### Provided records
* * *
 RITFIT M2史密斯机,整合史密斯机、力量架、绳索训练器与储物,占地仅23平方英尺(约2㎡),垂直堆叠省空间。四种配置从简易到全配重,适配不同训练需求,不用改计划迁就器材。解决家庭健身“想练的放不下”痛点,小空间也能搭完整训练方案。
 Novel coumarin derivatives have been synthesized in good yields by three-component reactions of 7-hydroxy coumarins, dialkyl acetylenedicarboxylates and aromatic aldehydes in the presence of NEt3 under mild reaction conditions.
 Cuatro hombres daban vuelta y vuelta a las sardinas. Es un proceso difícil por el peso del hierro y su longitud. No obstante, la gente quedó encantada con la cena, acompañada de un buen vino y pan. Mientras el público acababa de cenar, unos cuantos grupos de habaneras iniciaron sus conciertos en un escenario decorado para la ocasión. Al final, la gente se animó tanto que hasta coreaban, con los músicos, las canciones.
* * *
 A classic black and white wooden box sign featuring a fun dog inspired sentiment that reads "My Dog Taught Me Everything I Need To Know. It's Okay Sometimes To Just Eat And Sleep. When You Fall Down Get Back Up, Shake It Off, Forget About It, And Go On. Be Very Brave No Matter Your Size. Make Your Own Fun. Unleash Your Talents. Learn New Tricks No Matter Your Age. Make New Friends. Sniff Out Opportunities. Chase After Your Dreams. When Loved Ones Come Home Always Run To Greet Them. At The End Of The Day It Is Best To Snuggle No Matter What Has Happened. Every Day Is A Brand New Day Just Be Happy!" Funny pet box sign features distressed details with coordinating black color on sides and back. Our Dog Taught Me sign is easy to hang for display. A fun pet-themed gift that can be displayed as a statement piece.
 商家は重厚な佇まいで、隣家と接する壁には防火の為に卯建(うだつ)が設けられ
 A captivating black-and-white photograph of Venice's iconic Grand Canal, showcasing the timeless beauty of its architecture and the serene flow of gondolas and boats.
* * *
### Task requirements
Could you reproduce exactly the lines of the entries above, from the one with "Novel coumarin derivatives" through the one with "Cuatro hombres daban", and nothing else?

### Result for this exercise
 Novel coumarin derivatives have been synthesized in good yields by three-component reactions of 7-hydroxy coumarins, dialkyl acetylenedicarboxylates and aromatic aldehydes in the presence of NEt3 under mild reaction conditions.
 Cuatro hombres daban vuelta y vuelta a las sardinas. Es un proceso difícil por el peso del hierro y su longitud. No obstante, la gente quedó encantada con la cena, acompañada de un buen vino y pan. Mientras el público acababa de cenar, unos cuantos grupos de habaneras iniciaron sus conciertos en un escenario decorado para la ocasión. Al final, la gente se animó tanto que hasta coreaban, con los músicos, las canciones.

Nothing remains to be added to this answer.